Determination of discontinuous epitopes
Antibodies can recognize both continuous and discontinuous epitopes. The determination of both types of epitopes may be performed by X-ray crystal structure analysis or by nuclear magnetic resonance spectroscopy, more rarely by means of chemical cross-linking or an alanine scan.
Provision of continuous epitopes
Continuous epitopes of antibodies can be detected by ELISPOT or by synthetic peptides (eg PVDF or cellulose) previously immobilized spatially separated on a membrane. Are then detected by the addition of the antibody and some washing steps with a secondary antibody conjugate, antibody-binding epitopes analogous to the Western blot.
T cell epitopes are only continuous epitopes. During MHCI presented epitopes have a length of eight to eleven amino acids, MHCII - presented epitopes between thirteen and seventeen amino acids long. T cell epitopes of the cytotoxic and helper T - cells can be identified in flow cytometry by ELISPOT or by tetramer staining. In a protein to be characterized peptides are synthesized to the desired length, which cover the entire sequence of the protein. To epitopes not miss the edges of the peptides used usually is an overlap of the peptides by five amino acids ( at MHCI ) to eight (for MHCII ) to the adjacent amino acid sequence in the peptides.

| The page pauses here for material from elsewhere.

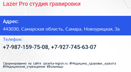 Lazer Pro, студия гравировки по адресу 443030, Самарская область, Самара, Новоурицкая, 3а в дальнейшем Организация, размещена в следующих категориях:

In cytotoxic T cells stimulates the release of radioactive 53Chrom of chromium -containing and ( per assay ) were measured with an epitope - laden victim cells after the addition of cytotoxic T cells. Alternatively, the formation of perforin or granzyme B are measured.
Helper T cells secrete, depending on the type, for a contact with MHCII - presented antigens characteristic cytokines can be measured, instead of the chromium.
Forecast
A limited prediction of MHC binding peptides is offered among others by the program or by the SYFPEITHI IEDB. IEDB provides a current database described epitopes. These predictions apply only mostly, so an experimental verification of the epitopes must follow.